Boredom set in by early evening. I poured a Scotch. Somewhere around nine o’clock all power failed ominously. Lights, television, suddenly gone with the subtle background sounds we never seem to notice until we can’t hear them anymore.
Now only the creaks and protests of the naked house, the sighs and moans of nature, ragged snow flapping at the windows. The phone rang.

“Everything copacetic over there?” Caddy asked.

“Yes. What about you?”

“I have a generator,” she said. “You’re welcome to come over if you can make it.”

“I’m sure the lane is blocked.”

“If you get desperate I’ll send someone with a snowmobile.”

I laughed. “How bad can it get?”

“Sometimes these things can go on for days. You have lamps?”

“They’re all over the place,” I said. “I was going to get rid of them but I kept them for decoration.”

“Get them ready, you’re going to need them,” she said.

After I put the phone down I did a mental inventory. The lamps; stove in the living room is fuelled by oil; I have a propane camp stove somewhere; enough canned food for days; nothing to go bad in the refrigerator; I have a powerful flashlight (property of the Correctional Service of Canada). I realized that I was speaking aloud and that the dog was listening; the sound of my voice and the sense that it was being heard and understood was comforting. He came close, placed his snout on my knee. “I know you’re wondering about Strickland,” I said. “Whether I’m setting myself up for trouble, engaging with him. But you’d have to know the whole story, Birch.”

He licked my hand and clambered up beside me on the couch, turned in a full circle, then lay down, head resting on my thigh. “Go on,” he seemed to say.

“You’re the expert on loyalty,” I said. “You’d understand better than most people what Strickland and I really have in common. Something deeper than the fact that we were both adopted. We’re traitors, Strickland and me. I hate admitting it, Birch, but in the world we come from, we’re both known as rats.”

The dog lifted his head from my knee and stared up at me.

“That’s right. We’re rats. In the world that did so much to shape what we’ve become, where everyone is more or less a prisoner of the system—there are two distinct cultures, two breeds of animal, if you will. Each breed has rules so rigorous you wouldn’t believe it. Or maybe you would, actually. Maybe you would. Because rule one, the absolutely most important, is loyalty—you are unquestionably loyal to your own breed. Anyone who betrays his own is dead, one way or another. And that’s how Strickland and I both ended up back here, back where we started from, both more or less in hiding. His problem is that he got noticed. I want to know: Was your young friend’s death an accident? Or did he do something bad or stupid that night when Maymie showed up at his place. If he brought it on himself, he’ll have to face the consequences. That’s the way we see things, Birch. I know you understand.”
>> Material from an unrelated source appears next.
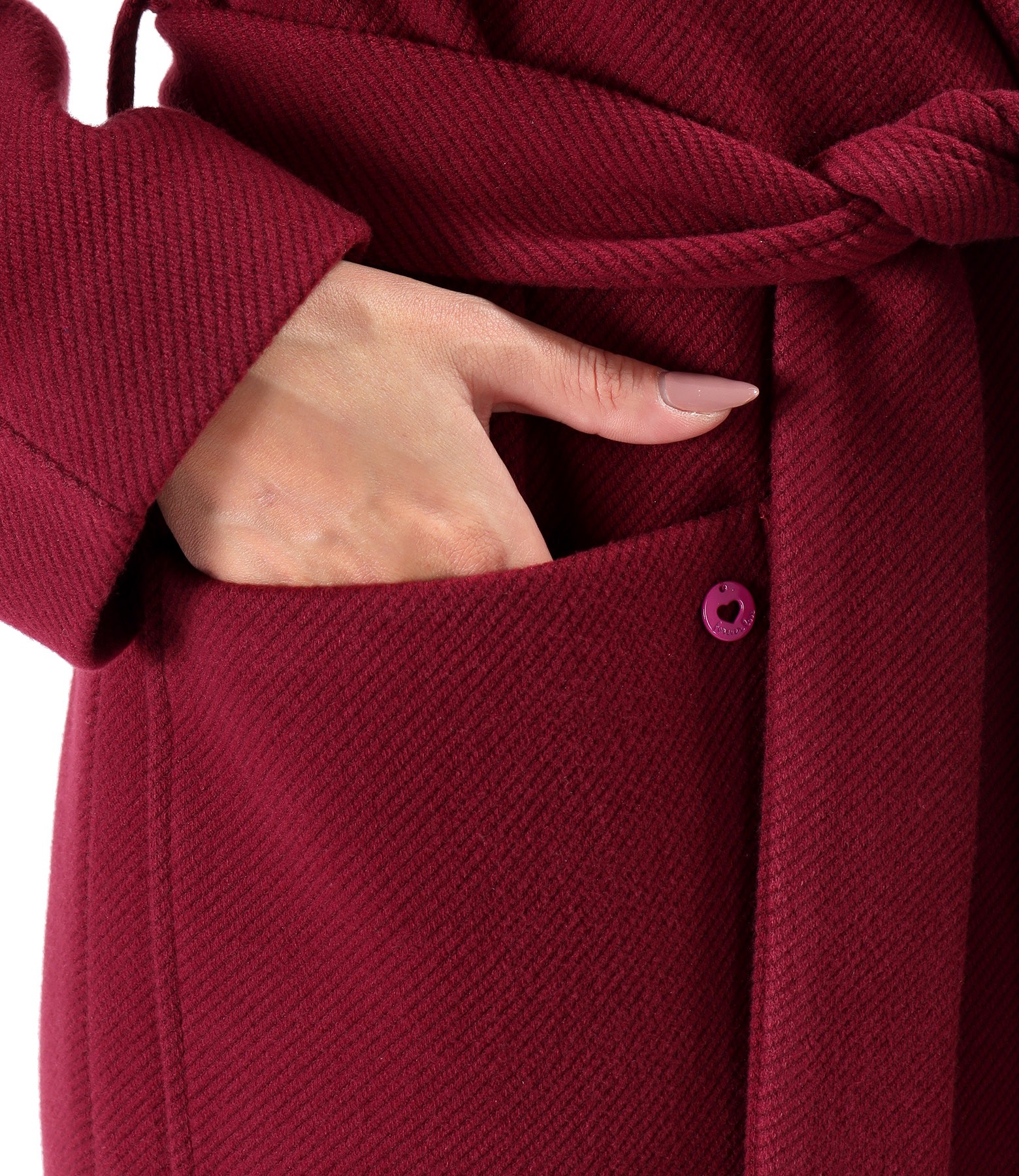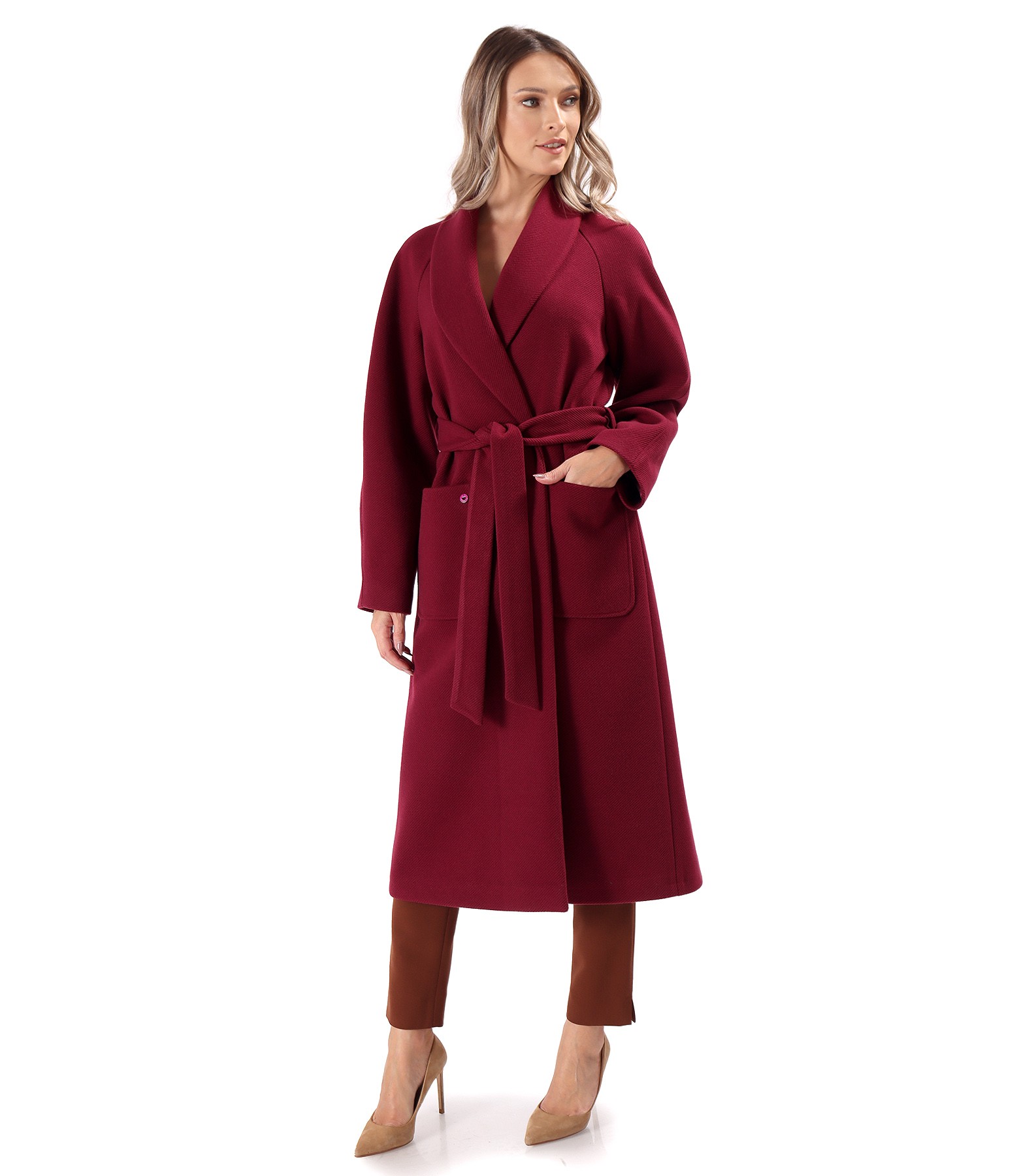 Midi overcoat made of thick fabric, padded with viscose, with pockets applied on the front, long raglan sleeves, and a slit on the middle back. It closes with a cord fixed to the side.

The dog yawned assent. I was relieved he couldn’t ask the obvious.

I’d known what the letter was about before I opened it. There is something ominous about an administrative summons. And over coffee we’d compared them. Me, Meredith, Wilson and Tommy Steele.


Roger
William Pittman,” Tommy scoffed. “Anybody know his name was Roger?” We all laughed.

“He was twenty-eight,” said Meredith. “Christ, I thought he was a lot older than that. Just from his record. Busy boy, he was.”

“Okay,” said Tommy. “This ain’t gonna be pretty. But we’re ready for it, right guys?”

There was a murmur of agreement from Meredith and Wilson.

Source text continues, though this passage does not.